On Wednesday morning, in the pre-market update, I mentioned that the Slow Stochastic indicator on the NASDAQ weekly chart was about to turn up and that could signal a rally is on the way. I then showed that chart in the commentary on Wednesday evening so you could see what I was talking about. As I looked in the Topic index on the website, I noticed that I have never explained this indicator in our indicator series so I will do so tonight in case some of you are interested in using the Slow Stochastic indicator in your trading.
Slow Stochastic Indicator
The Slow Stochastic (slo sto) indicator consists of two lines: the %D line and the %K line. The %D line is the more important of the two lines in the indicator and is the one to watch when making your trading decisions. The slo sto measures a stock's most recent close relative to its price range over a specified period of time. If a stock is strong, it will most often close near the highs on the daily bar in an upward trending market, if it is weak, it will close near the lows on the bar as the stock trends down. As the stock gains momentum in either direction it will cause the slo sto to get stronger in the direction of the stocks trend. Once the trend begins to slow down, the stock will tend to close further away from the high or low of the daily bar and this will cause the slo sto indicator to turn in the opposite direction, signaling you that the stocks direction is about to reverse.

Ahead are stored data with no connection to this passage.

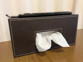 ティッシュケース リビングに置いてあるティッシュケース。リモコンと奥の収納に小物を入れることができます。収納の底にはそれぞれ高さ調節のための仕切りが入っていたのですが、潰れてしまったのでいまは使っていません。皮のような質感で高級感があり、部屋になじんでくれています。
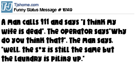 - # 84068 A man calls 911 and says "I think my wife is dead". The operator says, "How do you know?" He says "The sex is about the same, but the ironing is piling up!"
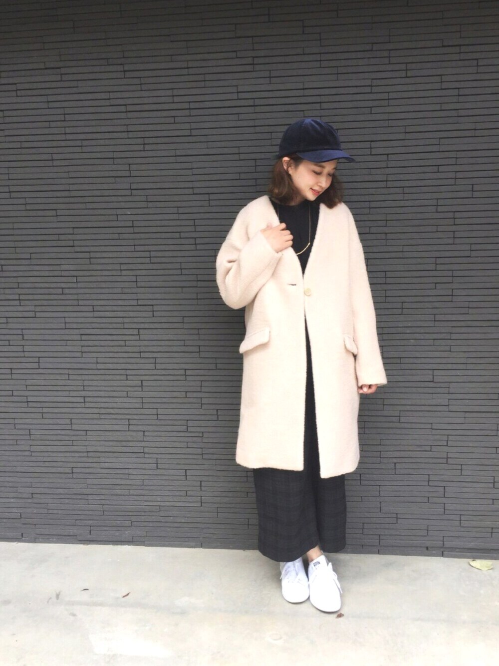 もってぃのその他アウター「スライバーニットVネックカラーコート」を使ったコーディネート
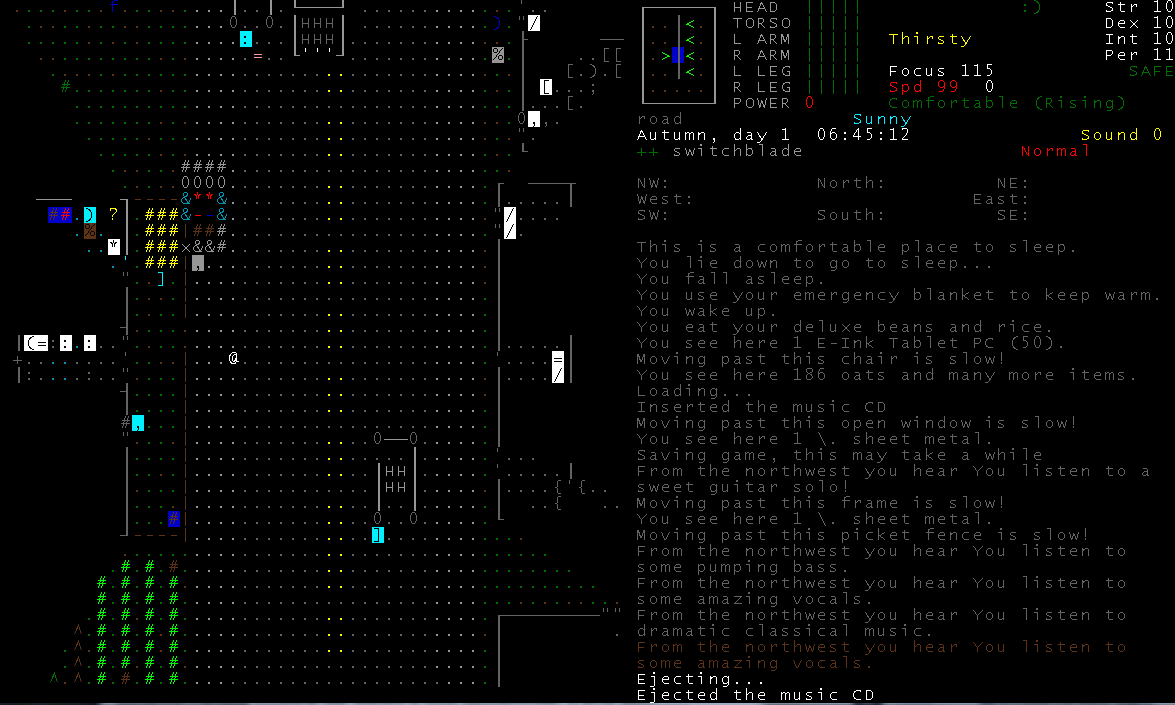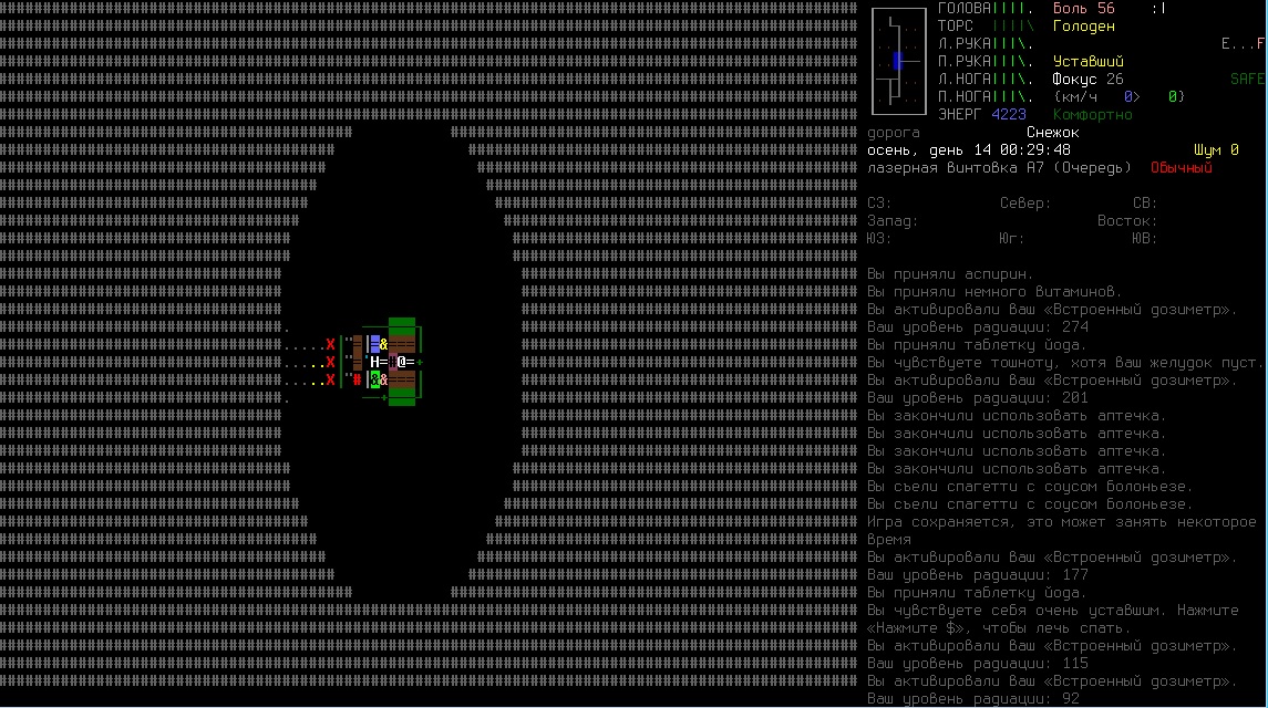 Впервые за все 5 дней игры(как ирл так и игровые) рискнул вылезти в город удачным рандомным персом. Быстро-быстро облутал магазин спорттоваров, надел ролики и был таков. Очень страшно, патронов уже не осталось, а стрелять из лука я не умею. Научился коптить мясо, но запас древесного угля вышел, а новый мне с днем с огнем не сыскать. На следующее утро решил разведать окрестности. Похоже у этой банды были времена и получше. Набрал целую гору амфетамина. Хорошо когда у твоего персонажа есть трейт психопата и он с одинаковым похуизмом может жрать человечинку и наркоту. Когда надоест суровое выживание буду закидываться в своем убежище...
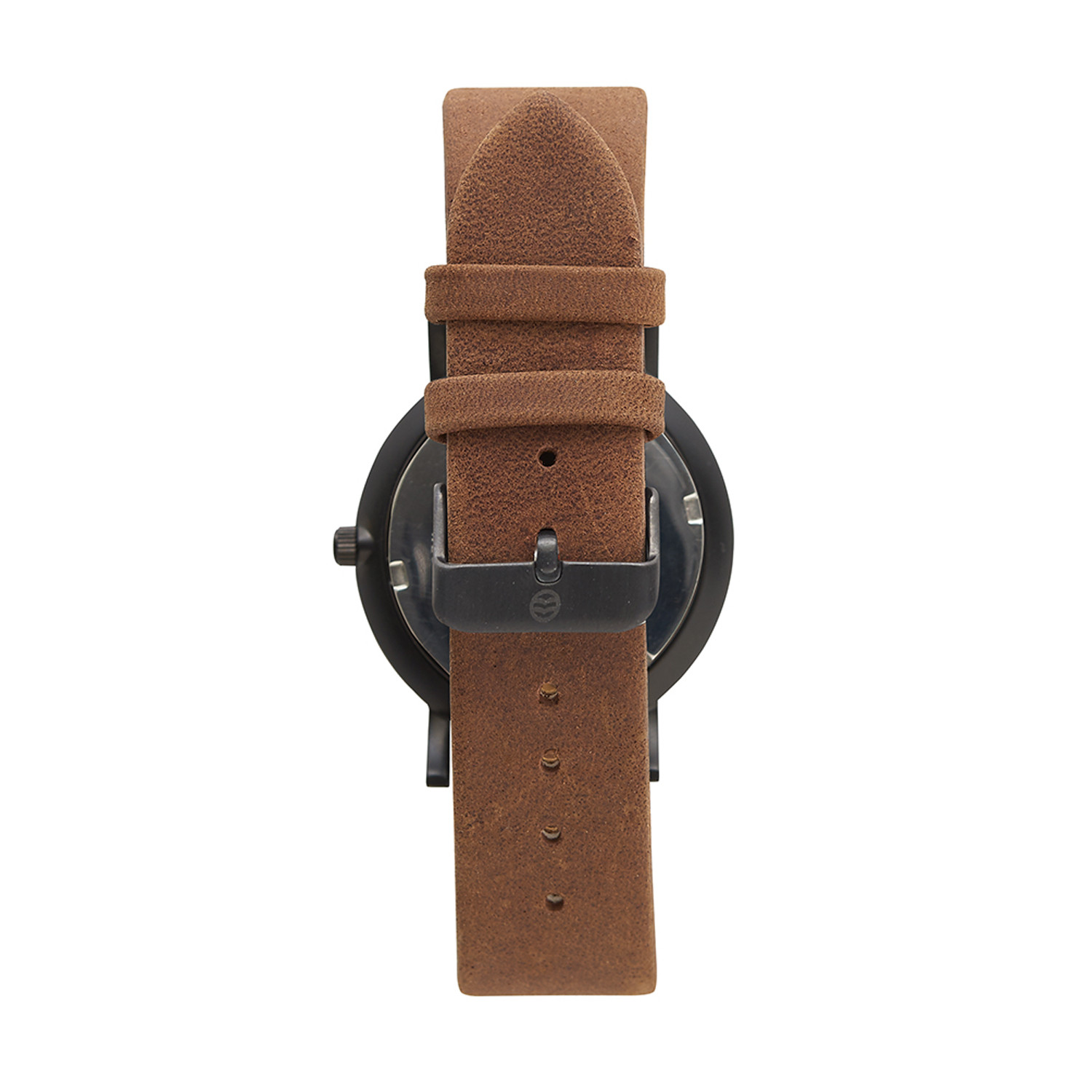 Barra is made with a stainless steel cases and crystal sapphire glass. The leather on the strap is of the finest quality, sourced from Italy and waterproofed to 100m, which means it is designed for swimming in the sea.

Works Best in Flat Markets
Keep in mind, this indicator works well in flat or directionless markets. The slo sto is not reliable in trending markets Bull or Bear because this indicator can stay overbought or oversold indefinitely in a market or stock that is in a strong trend. You will know if a stock is in a strong trend by using other indicators I have discussed here before. This is why you have to use more than one indicator when making trading decisions. For instance, if I am looking to trade a stock that is overbought (slo sto above 80) I will look at another indicator called the ADX and if this indicator is above 30, I know I have a stock in a strong trend. This strong trend makes the slo sto unreliable for trying to play a reversal because the stock is trending strongly and the chances of reversal are slim. If the ADX is below 20, then I am in a trendless market and the slo sto becomes more valuable to me because I know from the ADX indicator that the trend is not strong and that an overbought or oversold reading on the slo sto will more than likely end up reversing in the opposite direction and I can profit long or short from this overbought or oversold situation.
Above 80 and below 20
The slo sto meter runs from 0-100 and an overbought condition is above 80. An oversold condition is below 20. As long as the reading remains above 80 there is no reason to ever sell if you are long. If you are short and the reading remains below 20, you can stay short. Your signal to close the trade will be if the %K crosses the %D and then both lines move below or above 20 or 80 respectively. The %K line will always turn before the %D line. The key is when the %D line confirms by turning soon after the %K line does. Once this happens, it signals a reversal of the trend. If the market is choppy, you can take these trades both long and short however, if a stock is trending down or up, I would only take a trade in the direction of the stock once you get a trading signal from the slo sto indicator. Remember, the crossover in the opposite direction of the trend is the signal to close the position once both lines cross below 80 or above 20.
Reiteration
Remember not to misread the slo sto. I want to reiterate that just because the slo sto is overbought and is at 80 or above, it does not mean that you should sell your long position. Stocks and markets can stay way overbought for long periods of time. Stay long until both the %K and %D lines fall below 80. Only then is it time to sell. A reading of above 80 simply means that the trend is very strong, therefore I do not believe there is any reason to sell if a stock is trending up.
Important Announcement
There will be no bulletin or commentary the week of Apr 18-21. It is spring break and I have a trip planned with my family. This is the first vacation I have had since September 2003. I will do a bulletin on Sunday Apr 17th and the next bulletin will be the following Sunday Apr 23rd. I will miss 5 trading days and 4 bulletins but will have stop prices listed in the Sunday bulletin on any positions I leave open. If those stop prices are reached, Mike Serven will send the sell alerts.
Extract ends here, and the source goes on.